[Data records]
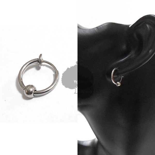 > YGG★新品 ワンボール付き フープ イヤリング フェイクピアス シルバー 男女兼用 リング 13mm 1個 片耳 バネ式 スプリング式
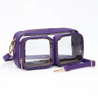 Dual Front Pocket Faux Leather Transparent Crossbody Bag In Purple
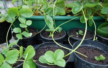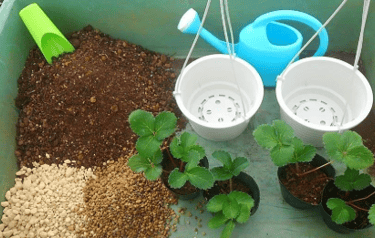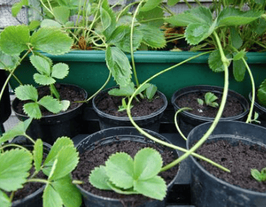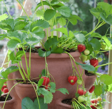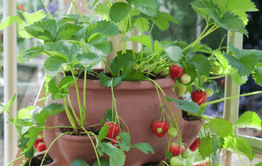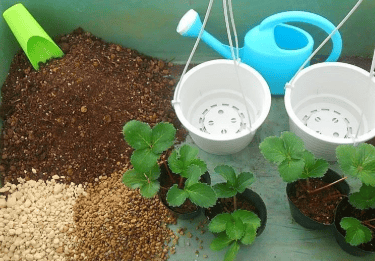 Os pés de morango podem ser plantados em vasos, jardineiras, cestas suspensas ou outros tipos de vasos. Em vasos grandes ou jardineiras, é possível plantar mais de uma muda e aumentar a produção de frutos por vaso. Antes do plantio dos morangos, deve-se fazer a drenagem dos vasos com pedriscos, seixos, argila expandida, britas, etc.
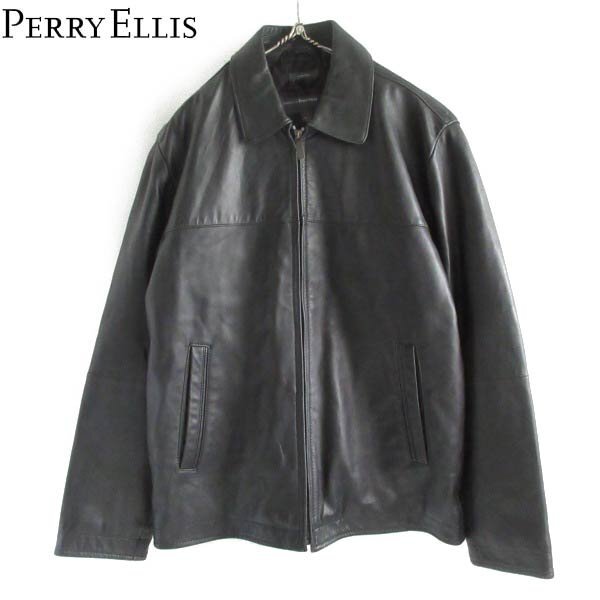 90s PERRY ELLIS PORTFOLIO Tバック ショート ラム レザー ジャケット 黒 S 短丈 ブルゾン 革ジャン ブラック ビンテージ D150-18-0030ZTW
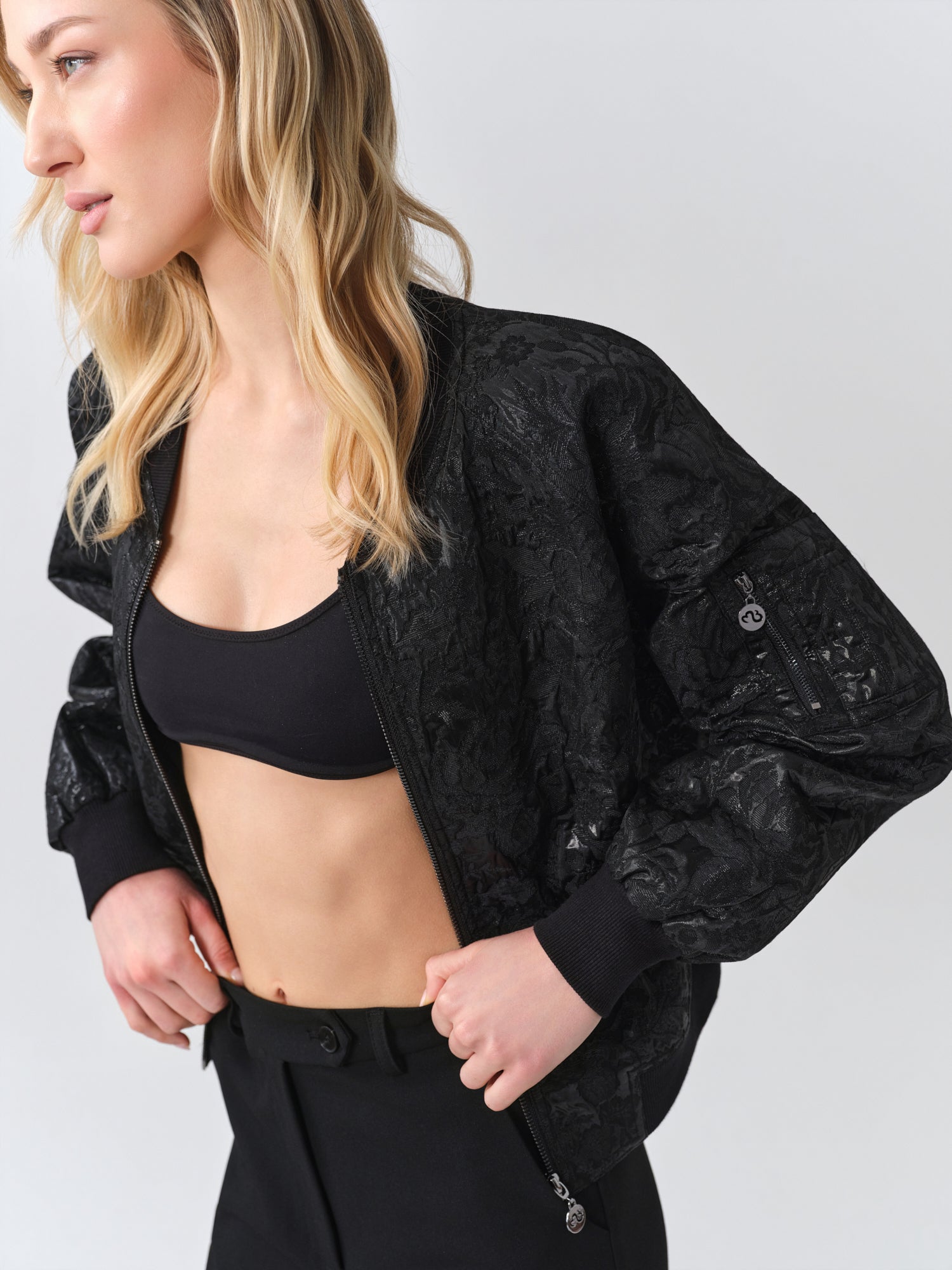 Black Shiny Bomber Jacket

*Exercise description*
In the records above, locate the line with "90s PERRY ELLIS"; output it and each line after it through the last one, exactly, omitting pictures.

*Problem solution*
 90s PERRY ELLIS PORTFOLIO Tバック ショート ラム レザー ジャケット 黒 S 短丈 ブルゾン 革ジャン ブラック ビンテージ D150-18-0030ZTW
 Black Shiny Bomber Jacket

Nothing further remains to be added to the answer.